== Task instructions ==
Pictures are to be left out. Return exactly the lines below from the one with "Испанские родельерос или" up to and including the one with "Fortnite Account ( PLAYSTATION".
━━ Records for this exercise
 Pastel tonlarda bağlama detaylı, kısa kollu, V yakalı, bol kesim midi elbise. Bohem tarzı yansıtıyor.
━━━━
━━ Records for this exercise
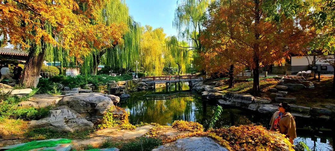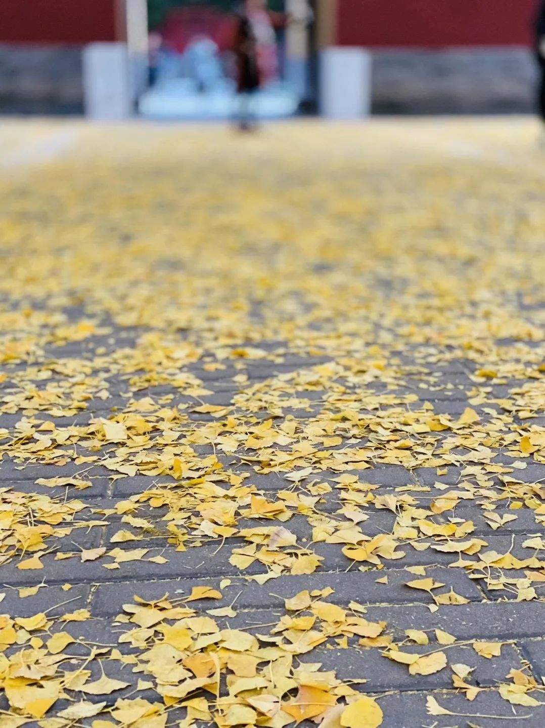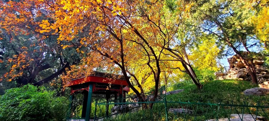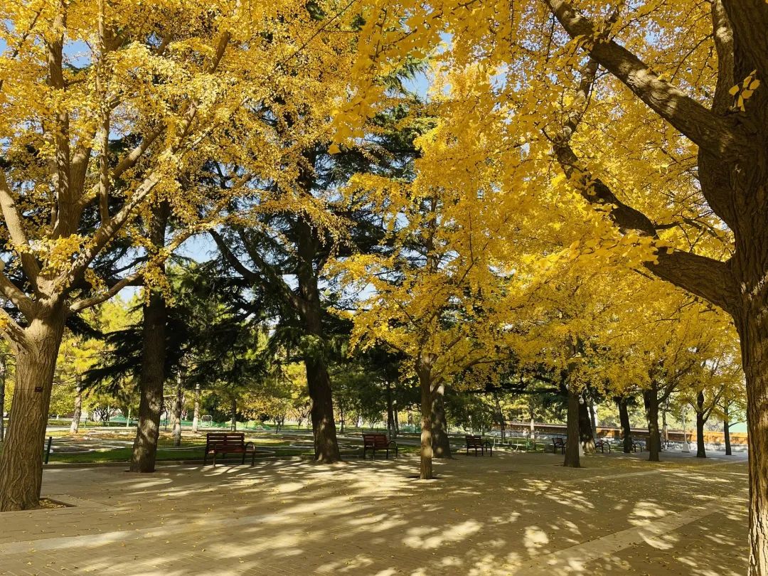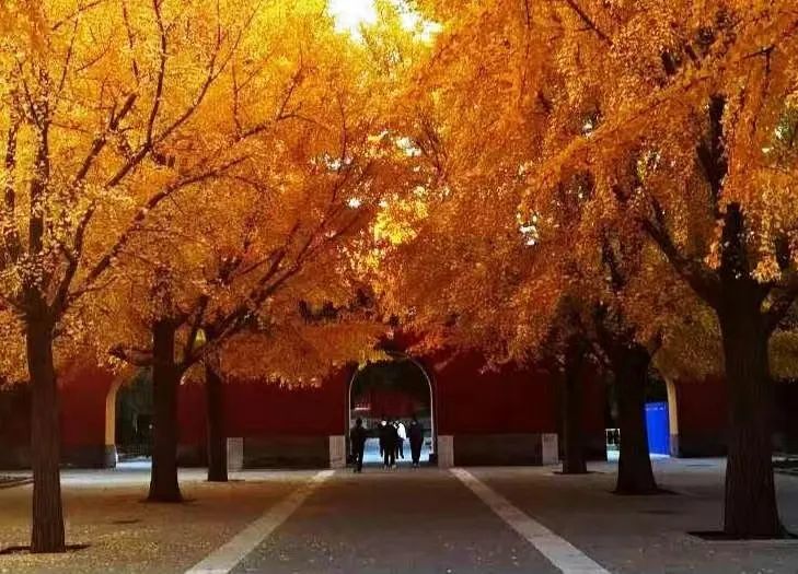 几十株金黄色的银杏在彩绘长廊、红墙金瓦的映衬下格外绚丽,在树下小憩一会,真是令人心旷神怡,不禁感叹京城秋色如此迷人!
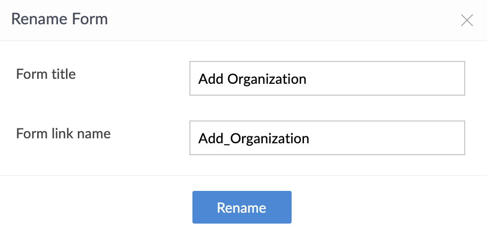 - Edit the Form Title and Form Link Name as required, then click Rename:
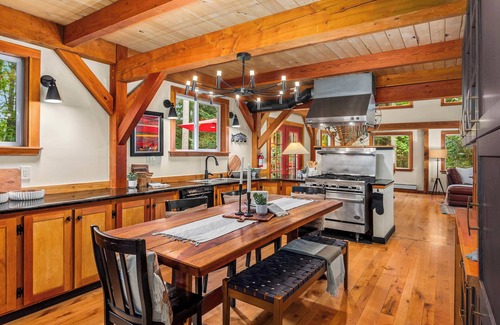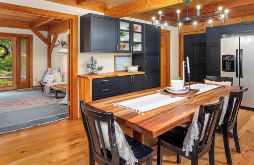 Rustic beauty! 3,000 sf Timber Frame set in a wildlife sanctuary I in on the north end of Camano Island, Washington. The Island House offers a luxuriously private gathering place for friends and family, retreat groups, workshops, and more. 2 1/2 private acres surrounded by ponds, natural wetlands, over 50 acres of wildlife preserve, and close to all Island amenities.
━━━━
━━ Records for this exercise
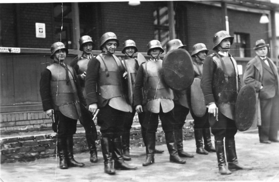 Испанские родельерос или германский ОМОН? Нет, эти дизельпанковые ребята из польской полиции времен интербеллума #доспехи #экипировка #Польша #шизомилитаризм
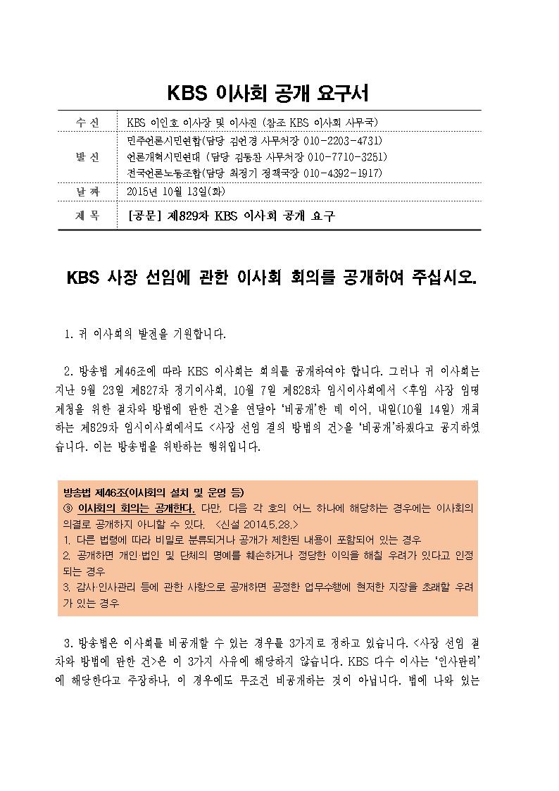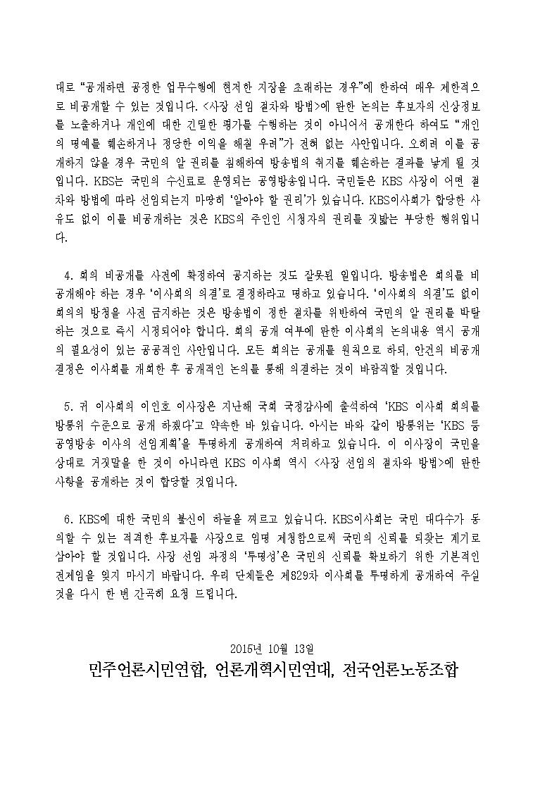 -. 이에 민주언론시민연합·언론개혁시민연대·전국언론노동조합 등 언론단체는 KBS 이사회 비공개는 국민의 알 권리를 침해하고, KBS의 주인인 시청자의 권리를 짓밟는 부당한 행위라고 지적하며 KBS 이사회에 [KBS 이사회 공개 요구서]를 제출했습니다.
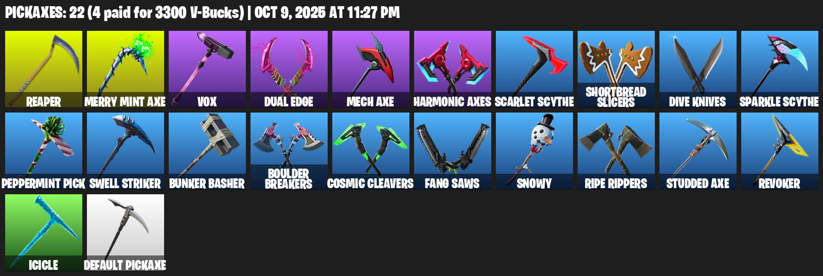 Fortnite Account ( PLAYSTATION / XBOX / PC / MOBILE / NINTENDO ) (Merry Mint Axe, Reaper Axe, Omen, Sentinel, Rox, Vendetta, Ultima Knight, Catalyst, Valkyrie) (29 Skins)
━━━━
== Answer below ==
 Испанские родельерос или германский ОМОН? Нет, эти дизельпанковые ребята из польской полиции времен интербеллума #доспехи #экипировка #Польша #шизомилитаризм
 -. 이에 민주언론시민연합·언론개혁시민연대·전국언론노동조합 등 언론단체는 KBS 이사회 비공개는 국민의 알 권리를 침해하고, KBS의 주인인 시청자의 권리를 짓밟는 부당한 행위라고 지적하며 KBS 이사회에 [KBS 이사회 공개 요구서]를 제출했습니다.
 Fortnite Account ( PLAYSTATION / XBOX / PC / MOBILE / NINTENDO ) (Merry Mint Axe, Reaper Axe, Omen, Sentinel, Rox, Vendetta, Ultima Knight, Catalyst, Valkyrie) (29 Skins)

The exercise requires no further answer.